© 2021 CyberNews - Latest tech news,
product reviews, and analyses.

If you purchase via links on our site, we may receive affiliate commissions.

Rob Palermo, SecureLink: “cybersecurity became an even bigger priority during the pandemic”

As cybercriminals get more creative with their approach to attacks, cyber researchers and white hat hackers also work tirelessly to create new innovative ways of protecting the digital environment.

Today, cyberattacks look much less obvious: they can come from a threat actor disguised as your boss, an inattentive employee, and third parties you might work closely with. All of this presents us with a gloomy reality: it’s not a matter of whether your business will be targeted, but when it will be targeted.

We reached out to Rob Palermo, VP of Product Management & Strategy at SecureLink, to talk about the newest developments in the field of cybersecurity and discuss how SecureLink, which specializes in critical access management, can help protect enterprises’ critical assets.

After almost 20 years in the business, you’ve reached many important milestones. How did the idea of SecureLink come to life?

SecureLink was founded in 2003 as a software platform to provide secure, accountable, and auditable third-party remote access. Since then, we have helped more than 31,000 organizations ensure their data is secure during tens of millions of support sessions. We’ve had so much growth and success over the years, especially the last few. With the acquisition of Maize Analytics, a leading provider of data governance solutions, SecureLink has been able to expand beyond third-party risk management to offer more critical access management solutions. Now we are bringing SecureLink’s legacy third-party technologies together with Maize's artificial intelligence and audit review capabilities to tackle new challenges in security, privacy, and compliance.

This year, SecureLink along with the Ponemon Institute, released a report titled “A Crisis in Third-Party Remote Access Security,” which revealed the alarming disconnect between organizations’ perceived critical access threats and the security measures they employ for vendors. As a result, 44% of organizations have experienced a breach within the last 12 months, with 74% saying it was the result of giving too much privileged access to third parties. The report made it clear that organizations are not taking the necessary steps to reduce third-party critical access attacks and are, in fact, exposing their networks to security and non-compliance risks.

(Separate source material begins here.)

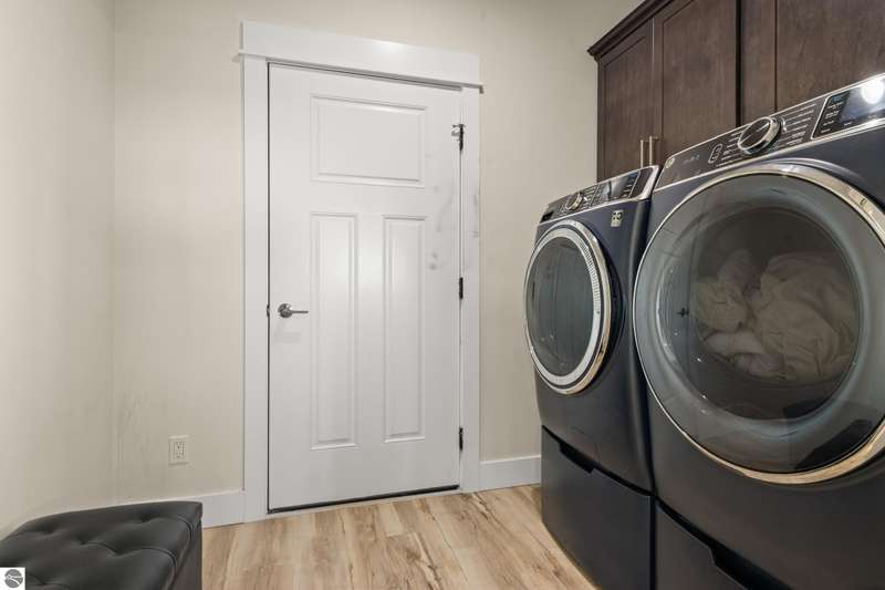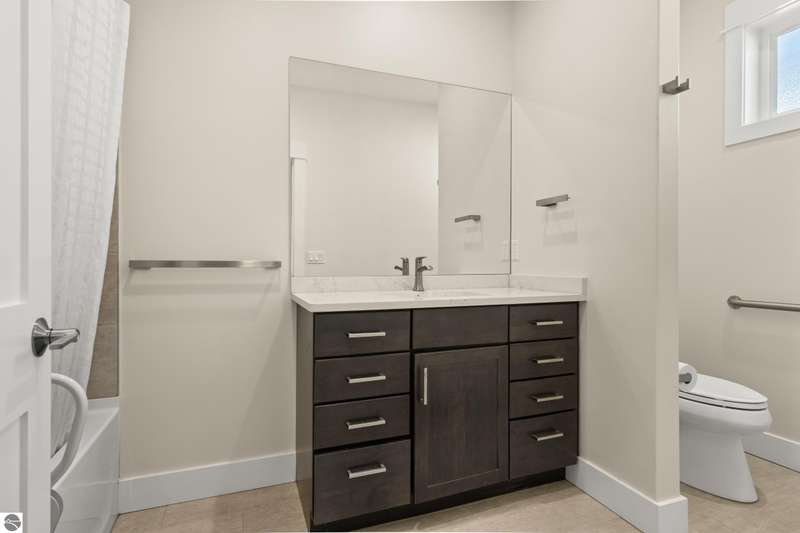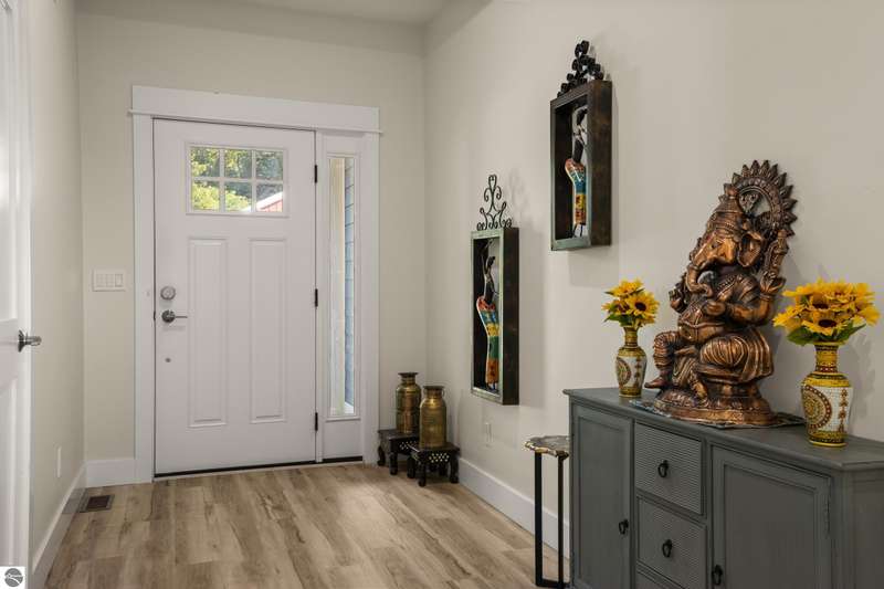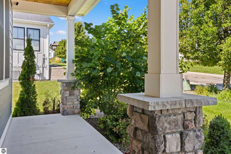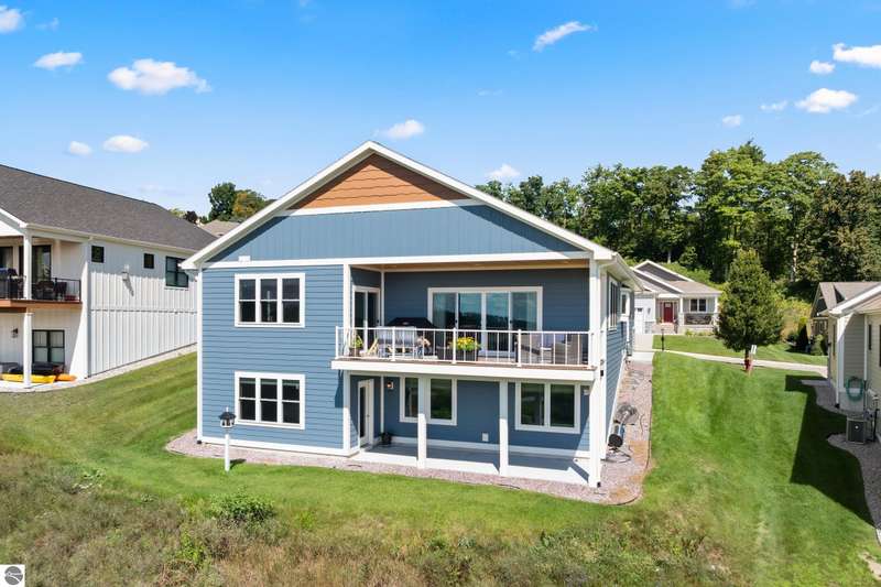 Welcome to Eagles View -- One of Traverse City's Premier Communities! This like-new, one-owner custom-built home offers the perfect blend of style, comfort, and functionality in one of Traverse City's most desirable developments. Its sweeping views make a stunning, picturesque backdrop. Thoughtfully designed with attention to detail throughout, this residence provides the ease of main-floor living in an open and inviting layout. The spacious primary suite features a private bath and a walk-in closet. The primary bedroom has a trayed ceiling to add to the luxurious look. The bright and modern kitchen is equipped with granite countertops, stainless steel appliances, a large island, a pantry, and extra shelving. The living and dining areas showcase a trayed ceiling, a stunning stone-surround gas fireplace, and double...yes, double sliding doors that open to a private rear patio -- perfect for relaxing or entertaining. Luxury vinyl plank flooring runs through the main living areas, and the home includes central air conditioning for year-round comfort. All of the bathrooms have tile flooring. The main floor also offers a convenient laundry room just off the attached two-car finished garage. The finished lower-level walk-out includes two additional bedrooms, a full bathroom, a spacious family room, a recreational area, and ample storage space. Professionally landscaped by Living Art Landscapes, the yard is equipped with irrigation and provides a serene outdoor oasis. This home is ideally located just minutes from downtown Traverse City, Munson Medical Center, shopping, schools, and numerous hiking and biking trails.

Last month, we also established PartnerLink, an enhanced partner program, designed to build and grow valuable cybersecurity solutions for customers. We’ve already signed 11 new partners, including Cavalry Solutions, Cyber Distribution, and SkyHelm, strengthening an ecosystem of 38 partners globally.

At Securelink, you emphasize the importance of Zero trust principles when it comes to security. Can you tell us more about this approach?

Zero trust principles have gained popularity over the last several years, and rightfully so. We use these principles to granularly control access to critical systems and data down to the host, port, protocol, or privilege level to mitigate the risk of cyberattacks and data/privacy breaches.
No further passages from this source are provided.